Em tribunal, Brisseau nunca negou os factos apresentados pelas atrizes, que dizem ter sido, durante os castings, obrigadas a masturbar-se para uma câmara. “Não é um caso totalmente diferente de outros realizadores cujas práticas passadas vêm ensombrar o cineasta no presente”, lembra Luís Mendonça. “Para mim, o caso do Brisseau é mais importante que o do Woody Allen porque é um caso extremo: ele foi a tribunal, teve a oportunidade de se defender e foi mesmo condenado. E é muito interessante o caso porque, em tribunal, ele corroborou tudo o que tinha sido dito pelas atrizes. Partiu para um exercício de tentar legitimar o que tinha acontecido à luz do seu processo artístico, nunca disse que aquilo não aconteceu. E temos, a certa altura, a juíza a dizer ao realizador como é que ele deve preparar os seus filmes, como é que ele deve fazer cinema. Não há muitos casos em que uma questão de processo artístico e de criação seja levada a tribunal.”

Trata-se ainda, prossegue Luís Mendonça, de um caso especial por em causa estar um “cineasta mais débil e pouco visto”, apesar da sua “enorme relevância” desde a década de 1970. De Paris, a crítica de cinema Gloria Zerbinati concede que “o problema” com Brisseau é que, “quando ele quer mostrar o prazer de uma mulher, quer (ou gostaria de) filmar a mulher a ter realmente um orgasmo, não a fingir. Mas claro que não se tratando de um filme pornográfico, feito com atores pornográficos, não é assim tão comum que se peça [num casting] a alguém que se masturbe para ver o que acontece”.

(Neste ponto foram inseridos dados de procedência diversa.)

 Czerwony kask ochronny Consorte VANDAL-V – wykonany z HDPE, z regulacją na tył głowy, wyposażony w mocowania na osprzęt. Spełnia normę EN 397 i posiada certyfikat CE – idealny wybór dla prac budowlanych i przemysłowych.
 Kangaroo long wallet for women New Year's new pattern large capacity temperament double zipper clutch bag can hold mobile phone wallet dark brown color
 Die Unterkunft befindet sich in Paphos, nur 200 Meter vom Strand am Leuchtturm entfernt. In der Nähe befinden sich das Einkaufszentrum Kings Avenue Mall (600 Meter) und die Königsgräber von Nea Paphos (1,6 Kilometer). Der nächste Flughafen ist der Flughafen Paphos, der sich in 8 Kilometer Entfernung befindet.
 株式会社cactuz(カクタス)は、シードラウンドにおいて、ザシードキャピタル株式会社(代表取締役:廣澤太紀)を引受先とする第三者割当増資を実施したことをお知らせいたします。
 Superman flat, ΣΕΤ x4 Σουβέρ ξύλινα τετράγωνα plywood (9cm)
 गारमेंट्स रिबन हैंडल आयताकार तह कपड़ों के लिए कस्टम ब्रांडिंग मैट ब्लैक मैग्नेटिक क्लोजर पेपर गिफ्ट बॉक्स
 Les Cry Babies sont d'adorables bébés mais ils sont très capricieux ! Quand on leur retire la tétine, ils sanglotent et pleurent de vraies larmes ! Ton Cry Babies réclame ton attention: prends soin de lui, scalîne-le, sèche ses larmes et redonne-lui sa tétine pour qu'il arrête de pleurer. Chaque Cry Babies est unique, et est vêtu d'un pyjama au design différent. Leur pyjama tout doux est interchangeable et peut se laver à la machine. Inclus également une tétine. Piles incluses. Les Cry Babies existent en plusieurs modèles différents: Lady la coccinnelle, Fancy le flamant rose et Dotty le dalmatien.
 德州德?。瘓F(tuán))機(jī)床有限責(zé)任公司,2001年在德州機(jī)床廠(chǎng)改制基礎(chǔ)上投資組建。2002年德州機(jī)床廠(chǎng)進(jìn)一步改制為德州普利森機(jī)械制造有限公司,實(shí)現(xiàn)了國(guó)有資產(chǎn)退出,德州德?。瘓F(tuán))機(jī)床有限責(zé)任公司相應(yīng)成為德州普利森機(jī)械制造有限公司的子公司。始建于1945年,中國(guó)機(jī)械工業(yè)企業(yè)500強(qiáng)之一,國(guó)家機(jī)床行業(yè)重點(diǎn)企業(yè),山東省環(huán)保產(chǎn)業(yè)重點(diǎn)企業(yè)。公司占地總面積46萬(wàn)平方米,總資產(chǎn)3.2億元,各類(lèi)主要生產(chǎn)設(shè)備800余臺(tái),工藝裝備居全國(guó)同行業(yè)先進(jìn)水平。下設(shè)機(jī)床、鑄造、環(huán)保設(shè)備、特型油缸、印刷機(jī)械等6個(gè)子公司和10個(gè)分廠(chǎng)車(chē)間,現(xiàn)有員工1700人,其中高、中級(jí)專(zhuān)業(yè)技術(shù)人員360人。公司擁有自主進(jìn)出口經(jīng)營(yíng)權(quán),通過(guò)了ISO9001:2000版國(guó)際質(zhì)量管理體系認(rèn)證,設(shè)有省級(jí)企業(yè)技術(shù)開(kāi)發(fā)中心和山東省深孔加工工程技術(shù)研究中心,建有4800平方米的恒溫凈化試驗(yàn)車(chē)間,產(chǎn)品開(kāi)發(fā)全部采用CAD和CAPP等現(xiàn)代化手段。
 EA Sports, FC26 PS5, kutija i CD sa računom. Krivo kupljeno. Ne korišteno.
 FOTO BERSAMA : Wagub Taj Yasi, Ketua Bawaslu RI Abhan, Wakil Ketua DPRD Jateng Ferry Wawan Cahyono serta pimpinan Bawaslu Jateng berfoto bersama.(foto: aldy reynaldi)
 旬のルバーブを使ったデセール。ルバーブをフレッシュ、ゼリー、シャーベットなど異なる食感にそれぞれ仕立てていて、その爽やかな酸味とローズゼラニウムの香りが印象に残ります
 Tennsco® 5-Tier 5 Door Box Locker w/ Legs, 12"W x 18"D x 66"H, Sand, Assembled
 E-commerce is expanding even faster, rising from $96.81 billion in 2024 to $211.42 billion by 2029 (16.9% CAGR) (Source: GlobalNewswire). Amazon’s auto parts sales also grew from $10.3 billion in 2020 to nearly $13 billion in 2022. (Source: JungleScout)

E não reconhecendo ao filme que acaba de se estrear em França, numa sala menor, o mérito de outros que assinou no passado, nota que, tendo estado envolvido num escândalo sexual há dez anos, “é natural que esta não seja a melhor fase da sua carreira”. Sublinha, contudo, que a Cinemateca Francesa “não é um tribunal” e que, portanto, “não lhe compete julgar o comportamento de um realizador, apenas a sua obra, que é notável para quem a conhece”. Jean-Claude Brisseau, diz, “já foi julgado por um tribunal e condenado a uma pena que já cumpriu”.